Western Stoneware Company

Item Composition

China

Item Medium

Stoneware

Item Origin

Monmouth, Illinois

Item Duration at Mansion

Temporary

Summary

Glazed stoneware, Plates: 11 inches in diameter. Pitcher [not shown]: 11 × 9 inches. Western Stoneware Company Collection of David Wade

Item Composition

China

Item Medium

Stoneware

Item Origin

Monmouth, Illinois

Item Duration at Mansion

Temporary

​Western Stoneware Company was created in 1906 through the merger of seven long-established stoneware and pottery plants operating in Illinois, Missouri, and Iowa. Monmouth Pottery Company in Monmouth, Illinois became Plant One and served as the main office until the 1950s; Weir Pottery Company, also in Monmouth, was Plant Two. Other plants operated in the Illinois communities of Macomb and White Hall. Originally a manufacturer of utilitarian containers such as crocks, churns, and jugs, Western Stoneware offered its first art ware in 1919, followed by artistic dinnerware in the 1930s.

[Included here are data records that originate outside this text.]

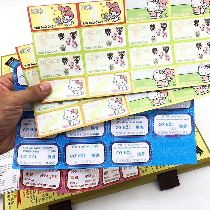 - Bộ sản phẩm gồm: các thẻ, quân cờ, bàn cờ bằng giấy, tiền, nhà,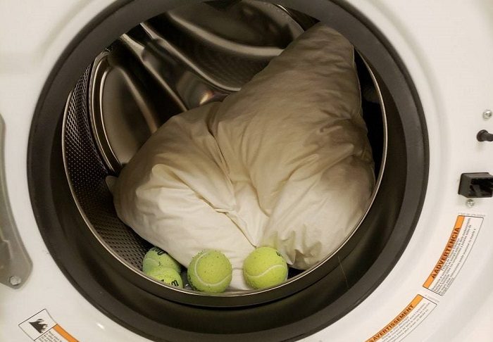 Чтобы сэкономить время, силы, а главное – нервы – предлагаем прибегнуть к одному простому лайфхаку. Положите в барабан стиральной машины несколько теннисных мячиков и только потом запускайте цикл стирки. Они не позволят материалу внутри подушек скомкаться, а значит, вам не придется думать, как его расправить.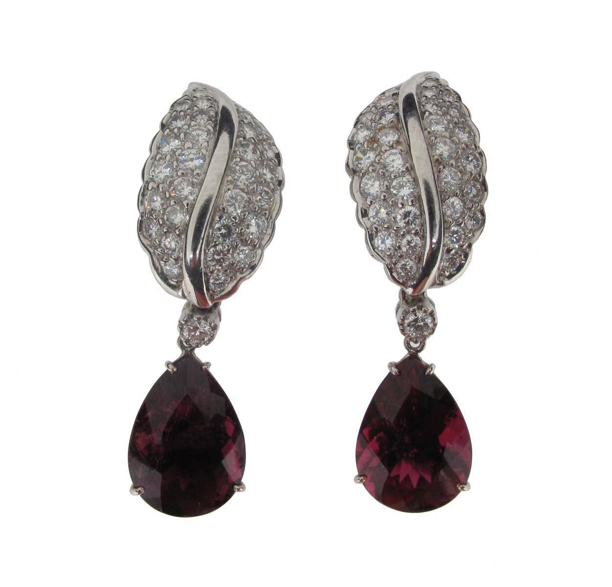 A pair of diamond and rubelite drop earrings, the pear shaped tourmalines suspend from a single diamond and a white gold leaf pave set with further circular cut diamonds. 5cm high.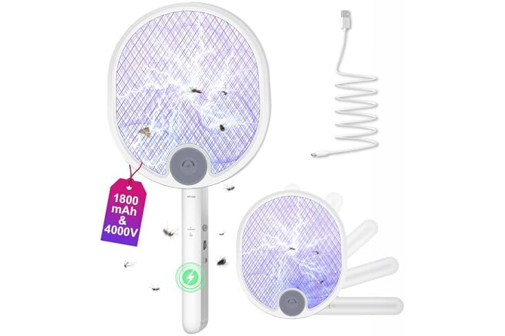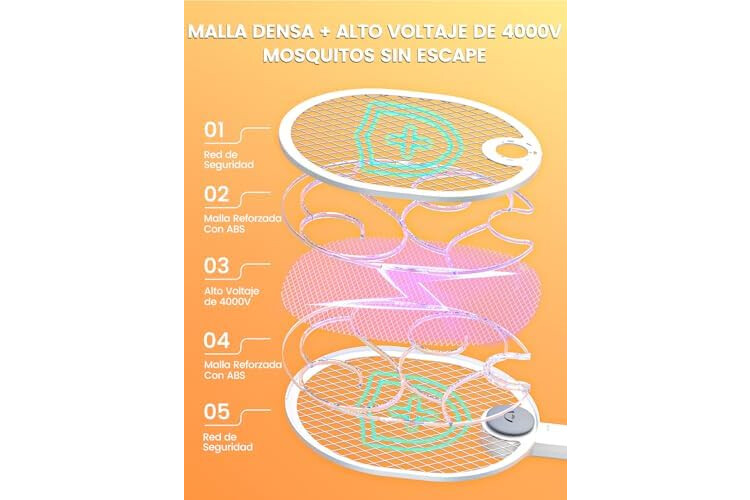 Raqueta Mosquitos Eléctrico Plegable 4000V 1800mAh USB 3 en 1 Recargable Mosquito Killer Trampa Mosquitos Portátil 3 Capas Malla de Seguridad Base Soporte de Pared Interior Exterior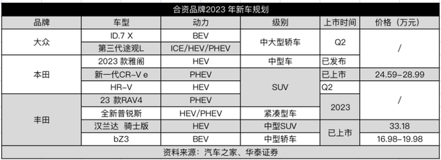 華泰證券做過一個統計,2023年大眾、本田、豐田三大合資品牌,合計只有9款新車型推出,而6個自主品牌在2023-2024年則有40款新車,節奏快的不是一星半點。
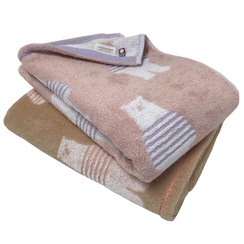 Imabari Towel, Bath Towel, Set of 2, Brand Certification, 23.6 x 47.2 inches (60 x 120 cm), Pink, Brown, Border Bear Pattern, Cute, Fluffy, Absorbent, Quick Drying, 1 Pink, 1 Brown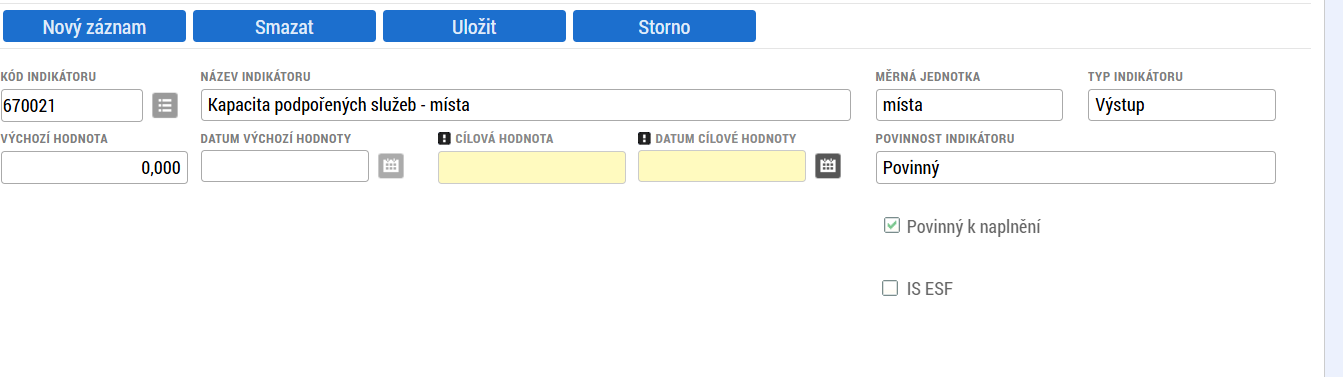 Nicméně cílová hodnota indikátoru může být nulová (nastavena na hodnotu 0) a požadované datum cílové hodnoty může být jakékoli datum v období realizace projektu (např. datum ukončení projektu).

In 1953, the company hired Eva Zeisel (1906–2011), a well-known designer of mass-produced ceramics, to design a new line of fresh, informal dinnerware that would appeal to modern post-war consumers. She maintained her studio in New York City, but was living in Chicago where her husband, Hans Zeisel, was a professor at the University of Chicago Law School.

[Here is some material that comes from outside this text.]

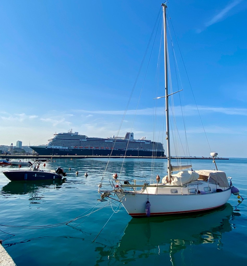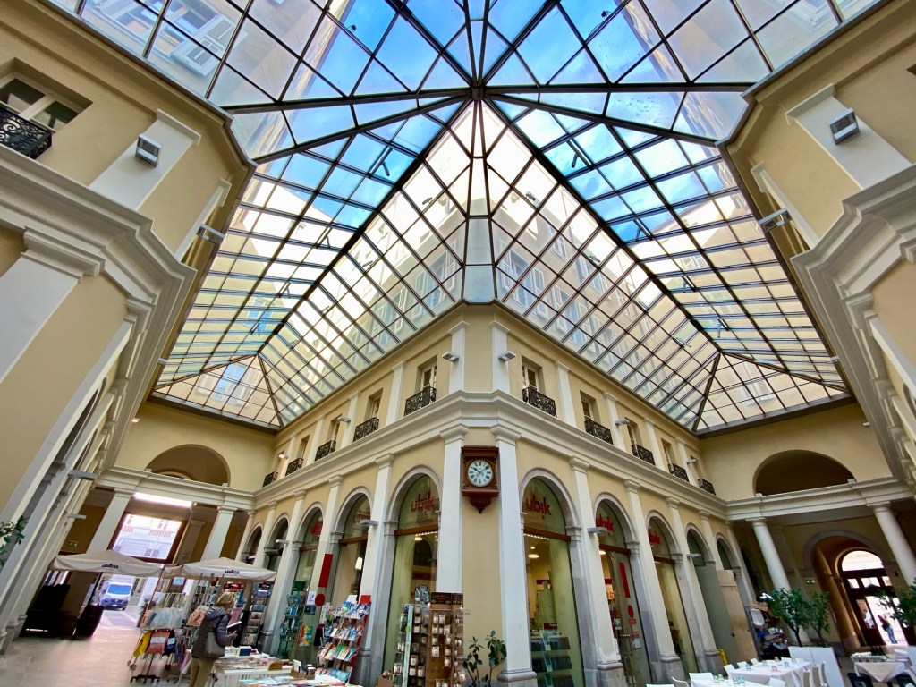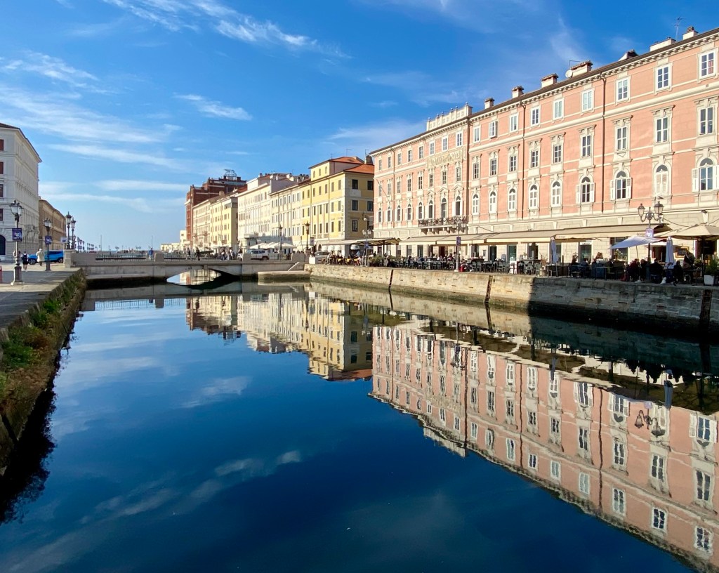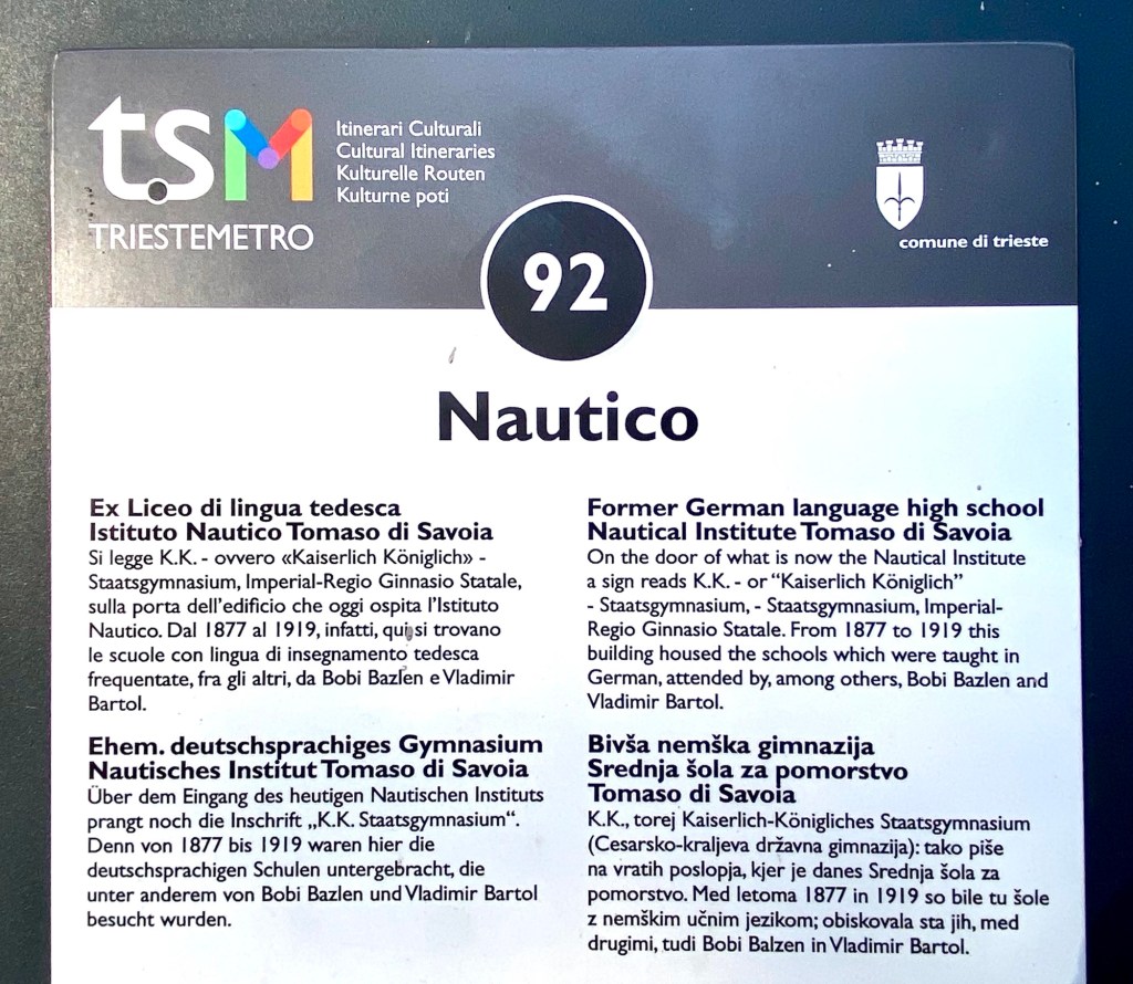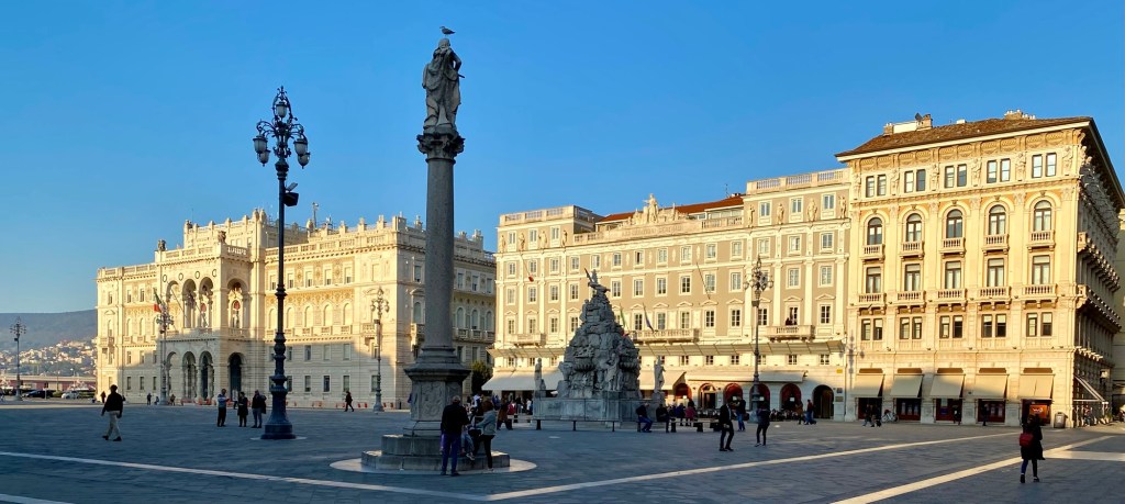 Triest ist eine Stadt der Bücher …Eine Passage in RathausnäheDas Denkmal Sterbender Krieger (1960) stammt von Marcello Mascherini. Mich verzückt immer das Mauerritzengrün 😄ImpressionenJetzt muss ich mich erstmal erholen … wie ??? Ich fahre Bus kreuz & quer durch die Stadt … das Tagesticket kostet 3.25 € !!!!Ein kleines, aber feines Amphi-Theater 👍Und dann kraxele ich eine andere Treppe wieder runter 😎Die Basilika San Silvestro ist die älteste Kirche in Triest, sie wurde im 12. Jh. im romanischen Stil erbaut. Im inneren sind noch Fresken aus dem 14. Jh. erhalten. Nach der Schließung vieler katholischer Gotteshäuser durch Kaiser Josef II. von Österreich wurde sie 1784 an die Evangelische Gemeinde H. B. verkauft,Dreissig Meter neben dem Hotel geht es diese Treppe hoch ….Mir gefallen die Schornsteine hier sehr gut 😄Alle Fotos von Triest habe ich bei Spaziergängen rund um das Hotel (etwa 3 km Radius) gemacht !!!Das RathausDa ist sie nochmal …Griechisch-orthodoxe Kirche San Nicolò – Nach der Trennung der beiden lokalen orthodoxen Gemeinden wurde eine Kirche mit Blick auf den Golf erbaut, um die Verbundenheit der Glaubensgemeinschaft mit dem Mutterland und der Quelle ihres erfolgreichen Handels – dem Meer – zu unterstreichen. Sie wurde 1787 eingeweiht und um 1820 von Matteo Pertsch im klassizistischen Stil neu gestaltet.Eine der beiden Orthodoxen Kirchen der StadtIch wusste nicht, dass es schwarze Tauben gibt ….Die beiden parken genau davor 😄Eines der altehrwürdigen Kaffeehäuser – im 1825 eröffneten Café ist noch ein Teil der Stuckarbeiten und der Wiener Atmosphäre des 19. Jh. erhalten. Es war das erste Lokal der Stadt, in dem Eis serviert wurde: In einem Brief an seine Freundin Nora Baldi schwelgt Umberto Saba 1953 in Erinnerungen an „köstliches Pistazien-Eis, das man heute auf der ganzen Welt – wie ich glaube – vergeblich sucht.“Die „Nieuw Statendam“ der Holland America Line (etwa 3x so gross wie die Amera)Nicht nur in Venedig, nein auch hier beginnt der Protest gegen die Kreuzfahrer 😯Oh … ein neues Kreuzfahrtschiff😋😋😋Besonders prägend für die Entwicklung der Stadt waren die mehr als 500 Jahre Zugehörigkeit zur Habsburger Monarchie, in die der enorme wirtschaftliche und kulturelle Aufstieg des „kleinen Wien an der Adria“ fällt. Nach dem Ersten Weltkrieg kam Triest zu Italien.Am Canale Grande von TriestDer Blick aus meinem Fenster – genau hier beginnt die Altstadt – Zeitgeist auf antiken Fundamenten Urban Hotel Design Hier spürt man den Atem der Geschichte und zugleich den Puls der Zeit. Das Designhotel des 21. Jh. profiliert sich mit kühl gestyltem Komfort und eröffnet durch einen gläsernen Fußboden in seinem Frühstücksraum die Aussicht auf seine römischen Fundamente.Tolles Frühstück (€ 12)Das Einzelzimmer € 82 👍Mein Hotel mitten im Zentrum – der rote Teppich wurde extra für mich ausgerollt 😃😃😃 – unten rechts = Glasboden, das Hotel steht auf römischen Ruinen 😯😯😯Das Wetter ist freundlich 😄Strassenstände an vielen Stellen, weniger richtige Märkte, sind mir begegnet …Die Treppe der Via Ciamician bietet einen der beliebtesten und am meisten fotografierten Ausblicke auf den Golf von Triest. Ursprünglich hieß die Straße Via degli Armeni. Grund dafür war die in diesem Bezirk stark vertretene armenische Gemeinde, zu der auch der Chemiker und Wegbereiter der Solarenergie Giacomo Ciamician (1857-1922) gehörte.Die Häuser in Triest sind grandiosDas Sissi-Denkmal am Hauptbahnhof, sie hat hier ihre Schiffsreisen nach Korfu & Madeira begonnen – Triest war der einzige Hafen der Habsburger am Mittelmeer Seit den 1960er Jahren ist Triest durch seine vielen internationalen Organisationen und Einrichtungen einer der wichtigsten Forschungsstandorte Europas, eine internationale Schul- und Universitätsstadt und hat einen der höchsten Lebensstandards unter Italiens Städten.Einpaar erste Eindrücke Triest ist im Aufbruch. Am Aufblühen. Seit das Anlegen von Kreuzfahrtschiffen im 160 Kilometer entfernten Venedig eingeschränkt wurde, kommen immer mehr Dampfer mit Reisenden hier an. Der Golf von Triest, der sich vor der weitläufigen Piazza dell’Unità d’Italia erstreckt, ist wie gemacht dafür: Das Meer ist hier rund 15 Meter tief.Die Stadt ist wunderschön Schön und kultiviert, ist Triest die kosmopolitischste Stadt Italiens. Überall ist die glorreiche Habsburger Vergangenheit zu fühlen. In ihr kreuzen sich Sprachen, Völker und Religionen, die sie immer noch auszeichnen und ihre mitteleuropäische und zugleich mediterrane Seele erahnen lassen.

Zeisel had never made dinnerware out of stoneware, but was familiar with it from Central and Eastern Europe. She had worked as a designer at ceramic factories in her native Hungary, as well as in Germany and the Soviet Union in the 1920s and 1930s, before immigrating to the United States in 1938.

She began with drawings and paper cutouts, then carved shapes to give them greater finesse. In addition to conventional shapes, she created whimsical bird-shaped bowls, covered casseroles, cruets, and tea sets, many in familial shapes that complemented each other. The designs were cleverly functional: basic casseroles had lids that allowed for stacking; heads on the bird-shaped dishes formed handles or became ladles; wings on the bird-shaped teapot formed the lid.

Zeisel also designed patterns and developed a technique for their application. She created playful patterns featuring fish, birds, stars, rosettes, and scrolls from potato stamps, then had rubber stamps made for use in hand printing the patterns onto the pottery. Pieces featured a new Cloud Gray glaze rather than the light tan color of traditional salt-glazed stoneware.

The Eva Zeisel Fine Stoneware line, marketed by her own design studio in 1953, garnered substantial orders, but it was short-lived. Western Stoneware, facing a general production slowdown, closed not long after. When the company reopened under new owners, the special kiln developed to produce the Zeisel line had been destroyed in a devastating factory fire.

Western Stoneware produced a wide variety of stoneware food containers through the 1970s; it specialized in crocks, bakeware, and giftware from the 1980s through 2006. Since then, the company has focused on art ware and specialty products.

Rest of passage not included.